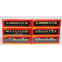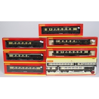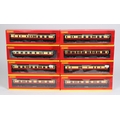 8 Hornby OO Passenger Coaches. 7 BR Hawksworth examples, in Carmine & Cream livery and a Maunsell 1st Class RK (Restaurant Car), in the same livery. The Hawksworth's are a Passenger Brake, 3rd Class, Brake/3rd, Composite Brake, 1st Class and 2x Composite Class. All boxed. Contents VGC-Mint. £70-100
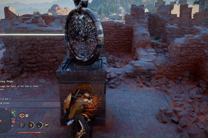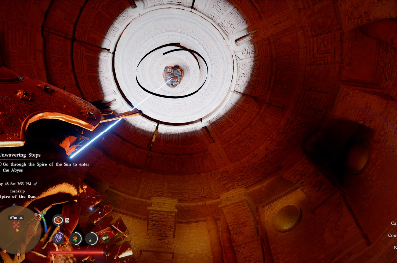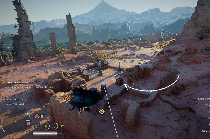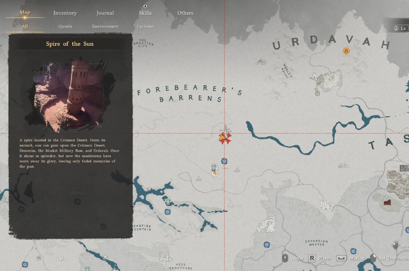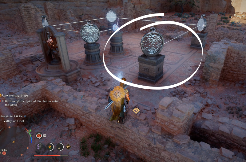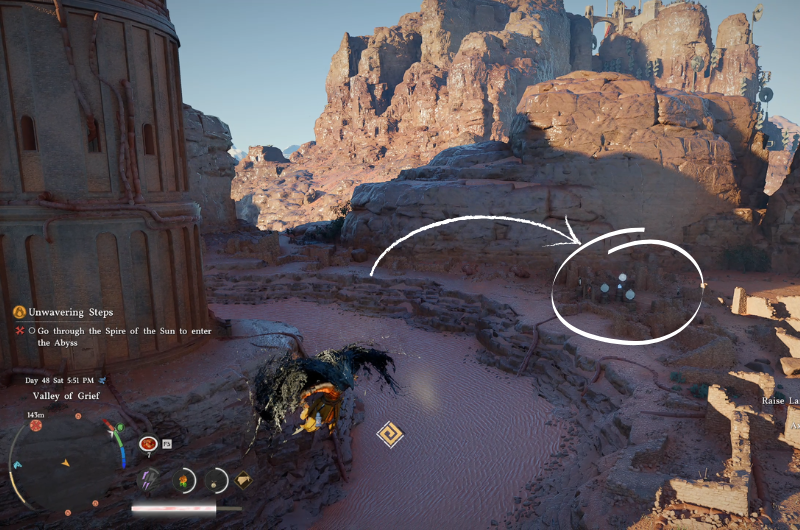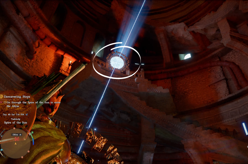 Dirigiti verso la posizione sopra mostrata sulla mappa che si trova a nord di Città di Burhum In Deserto Cremisi regione. IL Guglia del Sole non è possibile accedervi finché non si è passati a Capitolo 9 della questline principale. E la guglia è chiusa con a specchio E leggero meccanismo che deve essere risolto per poter accedere alla Guglia.
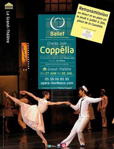 INVITATION L’Opéra National de Bordeaux et le Grand Hôtel de Bordeaux & Spa sont ravis de vous convier à la retransmission sur écran géant du ballet Coppélia, place de la comédie jeudi 4 juillet dès 20h00.
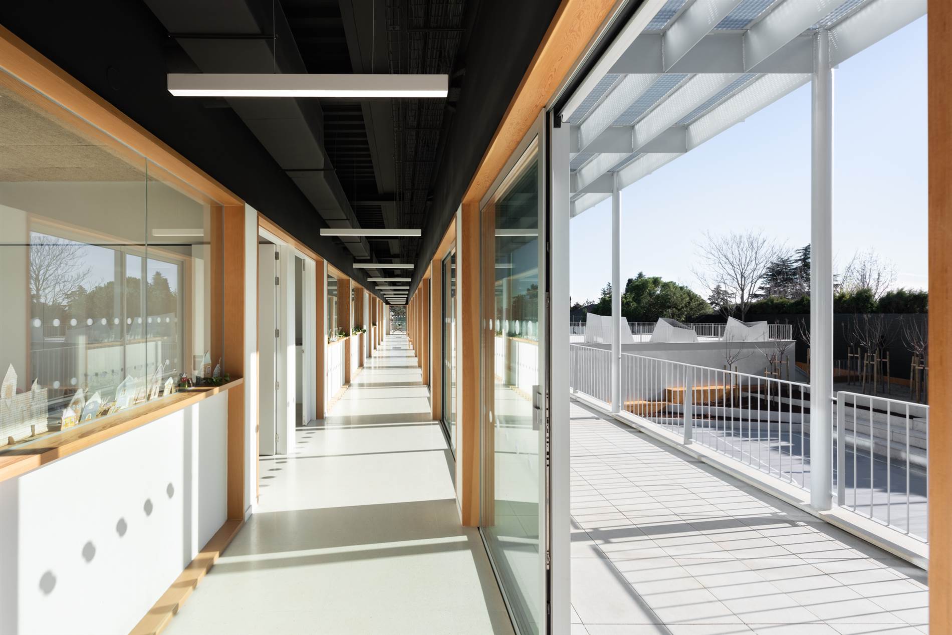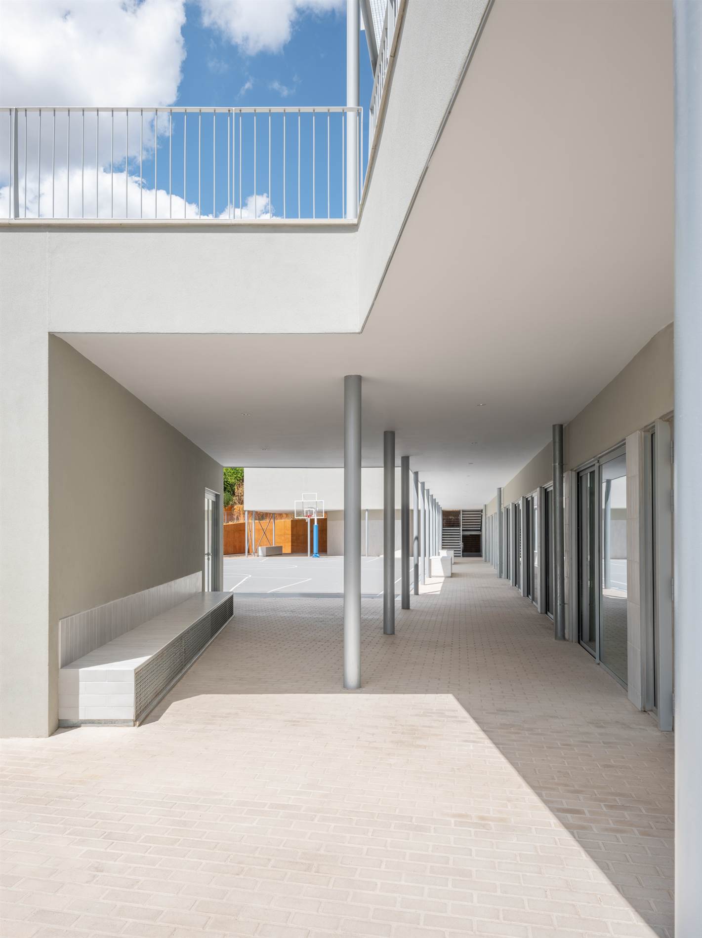 AJ: Claro. Lo que hemos hecho ha sido poner una estructura y colocado un Tramex, que hace como de control solar y filtro de luz hacia los pasillos de planta baja, pero podría ser el mismo esquema que en planta baja. A nosotros nos hubiera gustado mucho más que este pasillo fuera como los del Colegio Estudio original, que son unos pasillos generosos donde realmente hay mucha actividad, que de alguna manera lo hemos conseguido ampliándolo con el exterior.
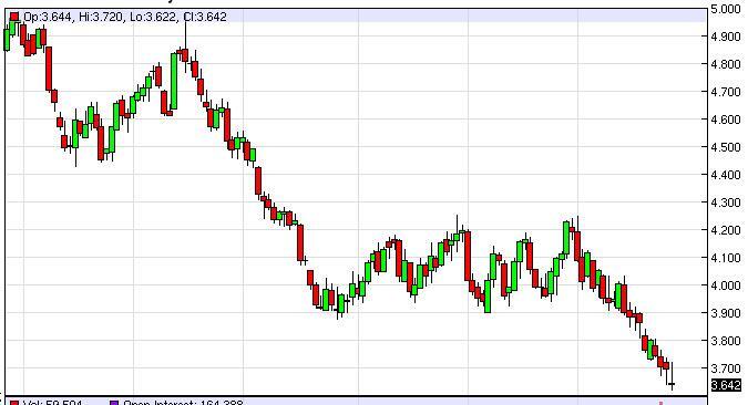 Even if we rally, we think that the sellers will continue to be in control of this market until we break well above the $4.00 level. There is probably significant resistance all the way to the $4.25 level as well, so with that it’s likely to continue to be a bearish market for the foreseeable future. The $3.50 level should be pretty significant as far as support is concerned, as it is a large, round, psychologically significant number. It is possible that we get down below that level as well, but in the meantime that is our target as the market continues to fall.
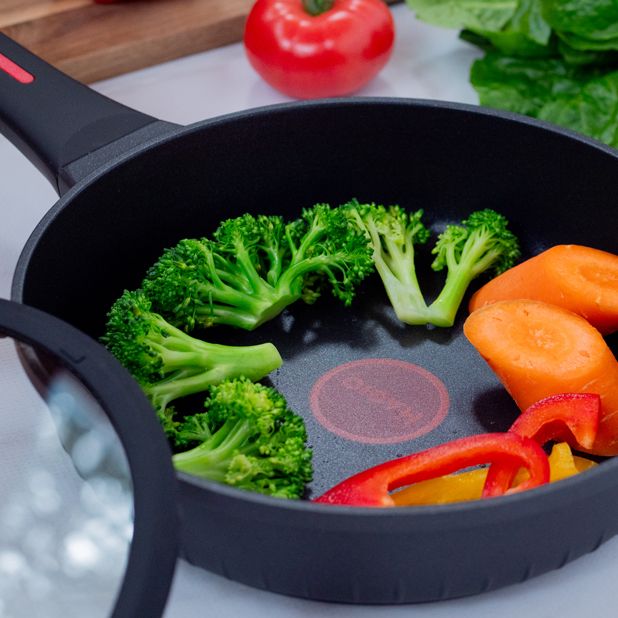 Так, QUICK FRY. У міру нагрівання сковороди змінюється колір індикатора. Як тільки сковорода досягає максимальної температури, індикатор Quick Fry стає повністю червоним, показуючи, що досягнуто рівномірної та оптимальної температури для приготування страв
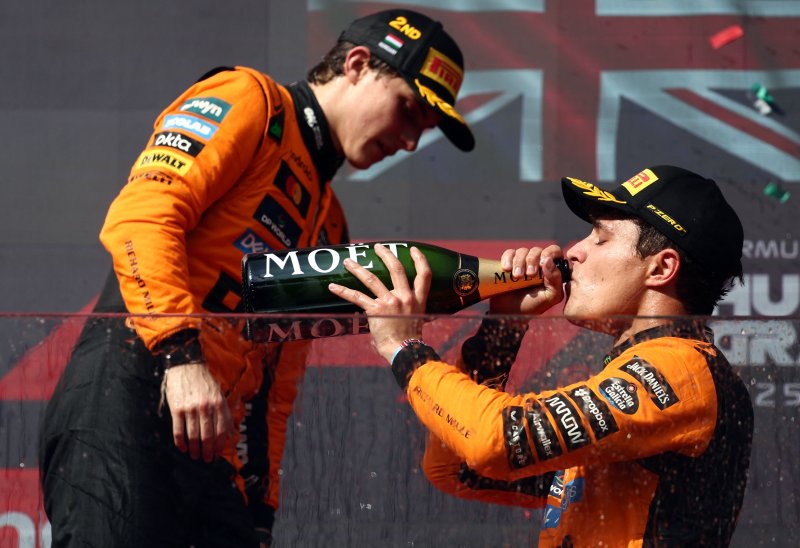 장군멍군입니다. 그의 동료 노리스는 1라운드 호주 그랑프리에서 1위로 결승선을 통과하며 25점을 받은 후 4라운드까지 2~3등을 기록하는 등 포디움에 밥 먹듯 올랐습니다. 그가 포디움을 놓친 경기는 5라운드 사우디아라비아 서킷(4위)와 10라운드 캐나다(DNF, Did not Finish)뿐입니다. 노리스는 전반기 1위만 5번 기록하는 등 쾌조의 질주를 보이고 있습니다.
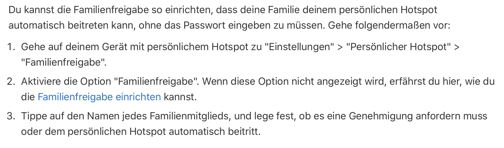 Problem: Apple vergibt jedesmal eine neue MAC-Adresse (vermutlich aus Privacy-Gründen). Das kann es aber nicht sein - dadurch muss ich jedesmal (bei jeder neuen Fahrt) den IPhone-Hotspot mit meinem Fahrzeug-Navi neu koppeln (also mit dem IPhone WLAN-Hotspot verbinden), das dauert (WLAN-Code im Navi eingeben, etc.)
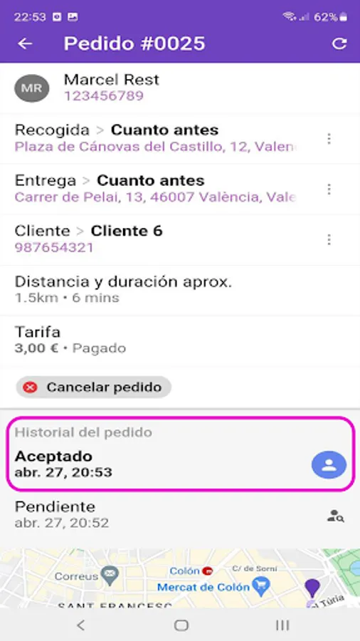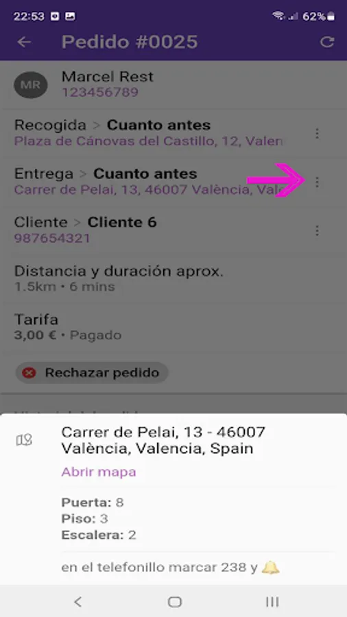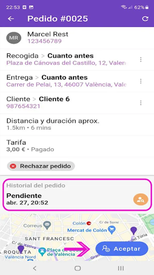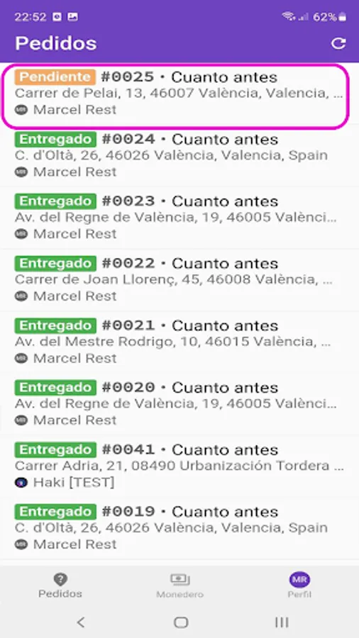 Gestión de pedidos para repartidores, contraparte de Haki Business
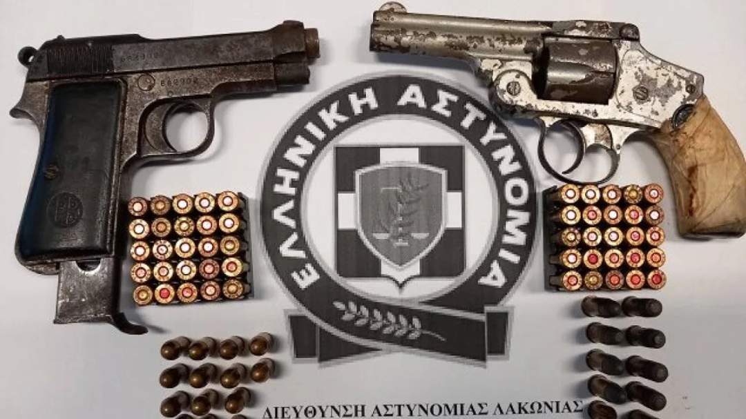Κατά την έρευνα που έγινε στην κατοικία της 52χρονης Ελληνίδας, το πρωί της Παρασκευής, βρέθηκαν ένα πιστόλι, ένα περίστροφο και 76 φυσίγγια διαφόρων διαμετρημάτων τα οποία κατασχέθηκαν. Τα όπλα εστάλησαν στα εγκληματολογικά εργαστήρια για βαλλιστική εξέταση και η 52χρονη οδηγήθηκε στον εισαγγελέα Πρωτοδικών Γυθείου, που της απήγγειλε κατηγορία για παράνομη οπλοκατοχή.

| Work to complete |
Return the material above verbatim. Pictures are to be excluded.

| Answer to this task |
 8 Hornby OO Passenger Coaches. 7 BR Hawksworth examples, in Carmine & Cream livery and a Maunsell 1st Class RK (Restaurant Car), in the same livery. The Hawksworth's are a Passenger Brake, 3rd Class, Brake/3rd, Composite Brake, 1st Class and 2x Composite Class. All boxed. Contents VGC-Mint. £70-100
 Dirigiti verso la posizione sopra mostrata sulla mappa che si trova a nord di Città di Burhum In Deserto Cremisi regione. IL Guglia del Sole non è possibile accedervi finché non si è passati a Capitolo 9 della questline principale. E la guglia è chiusa con a specchio E leggero meccanismo che deve essere risolto per poter accedere alla Guglia.
 INVITATION L’Opéra National de Bordeaux et le Grand Hôtel de Bordeaux & Spa sont ravis de vous convier à la retransmission sur écran géant du ballet Coppélia, place de la comédie jeudi 4 juillet dès 20h00.
 AJ: Claro. Lo que hemos hecho ha sido poner una estructura y colocado un Tramex, que hace como de control solar y filtro de luz hacia los pasillos de planta baja, pero podría ser el mismo esquema que en planta baja. A nosotros nos hubiera gustado mucho más que este pasillo fuera como los del Colegio Estudio original, que son unos pasillos generosos donde realmente hay mucha actividad, que de alguna manera lo hemos conseguido ampliándolo con el exterior.
 Even if we rally, we think that the sellers will continue to be in control of this market until we break well above the $4.00 level. There is probably significant resistance all the way to the $4.25 level as well, so with that it’s likely to continue to be a bearish market for the foreseeable future. The $3.50 level should be pretty significant as far as support is concerned, as it is a large, round, psychologically significant number. It is possible that we get down below that level as well, but in the meantime that is our target as the market continues to fall.
 Так, QUICK FRY. У міру нагрівання сковороди змінюється колір індикатора. Як тільки сковорода досягає максимальної температури, індикатор Quick Fry стає повністю червоним, показуючи, що досягнуто рівномірної та оптимальної температури для приготування страв
 장군멍군입니다. 그의 동료 노리스는 1라운드 호주 그랑프리에서 1위로 결승선을 통과하며 25점을 받은 후 4라운드까지 2~3등을 기록하는 등 포디움에 밥 먹듯 올랐습니다. 그가 포디움을 놓친 경기는 5라운드 사우디아라비아 서킷(4위)와 10라운드 캐나다(DNF, Did not Finish)뿐입니다. 노리스는 전반기 1위만 5번 기록하는 등 쾌조의 질주를 보이고 있습니다.
 Problem: Apple vergibt jedesmal eine neue MAC-Adresse (vermutlich aus Privacy-Gründen). Das kann es aber nicht sein - dadurch muss ich jedesmal (bei jeder neuen Fahrt) den IPhone-Hotspot mit meinem Fahrzeug-Navi neu koppeln (also mit dem IPhone WLAN-Hotspot verbinden), das dauert (WLAN-Code im Navi eingeben, etc.)
 Gestión de pedidos para repartidores, contraparte de Haki Business
Κατά την έρευνα που έγινε στην κατοικία της 52χρονης Ελληνίδας, το πρωί της Παρασκευής, βρέθηκαν ένα πιστόλι, ένα περίστροφο και 76 φυσίγγια διαφόρων διαμετρημάτων τα οποία κατασχέθηκαν. Τα όπλα εστάλησαν στα εγκληματολογικά εργαστήρια για βαλλιστική εξέταση και η 52χρονη οδηγήθηκε στον εισαγγελέα Πρωτοδικών Γυθείου, που της απήγγειλε κατηγορία για παράνομη οπλοκατοχή.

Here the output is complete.